Cornish miners were a large part of the mining workforce in most mining towns/camps. They brought their mining terms with them from Cornwall, and many were picked up here. The dictionary has many of them. “Bal” is Cornish for mine or a group of mines. You will see “adit” in many local accounts; it is a word describing the tunnel entrance. The name for a man-made underground cavity was “gunnies.” A larger cavity, usually going vertically, was termed a “stope.” An area of underground mining is referred to as “workings,” more commonly used for coal mines.

The word “discovery” has many meanings, but the mining one, in this dictionary, is quite detailed: “The term has a technical meaning in mining. It may be defined as knowledge of the presence of the valuable minerals within the lines of the location or in such proximity thereto as to justify a reasonable belief in their existence. But in all cases, there must be a discovery of mineral, in both lode and placer claims, as distinguished from mere indications of mineral.”

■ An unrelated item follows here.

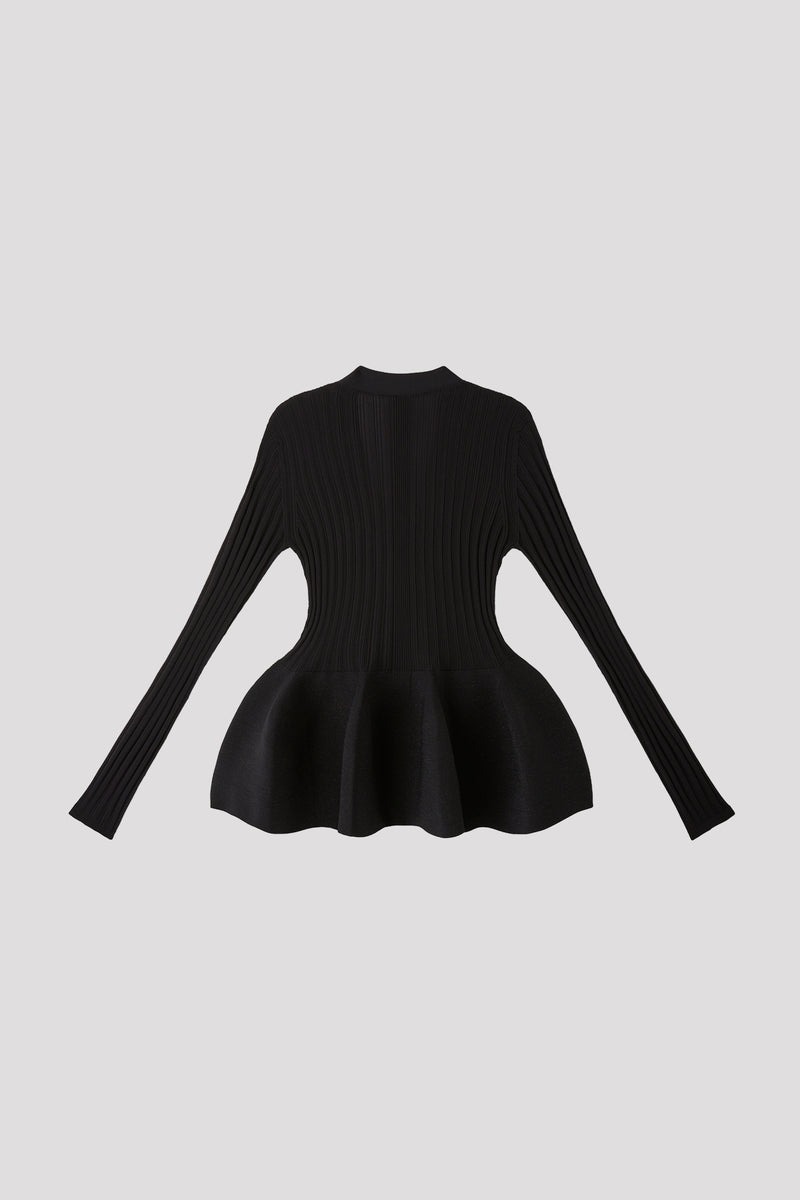 ペプラムにはラメ糸を編み込み、華やかな雰囲気を演出しています。縫代がなく、ストレッチ性に優れ、快適な着心地です。

Here is how The Aspen Times used the word in 1890: “The recent discovery in the second level of the Bushwacker looks fully as well as at any time since the ore was met with. Several loads of ore have been shipped, and there is as much in sight as there was at first. The grade of this mineral is very good. When it was first opened an average sample returned 108 ounces, and on Wednesday an average across a face of four feet went 228 ounces. It is thought that it will mill run at least 100 ounces!”

The dictionary qualifies the use. The Times description of the Bushwacker might fit the definition, but it should be pointed out that the author, B. Clark Wheeler, was both the owner of the Times and a major owner in the Bushwacker.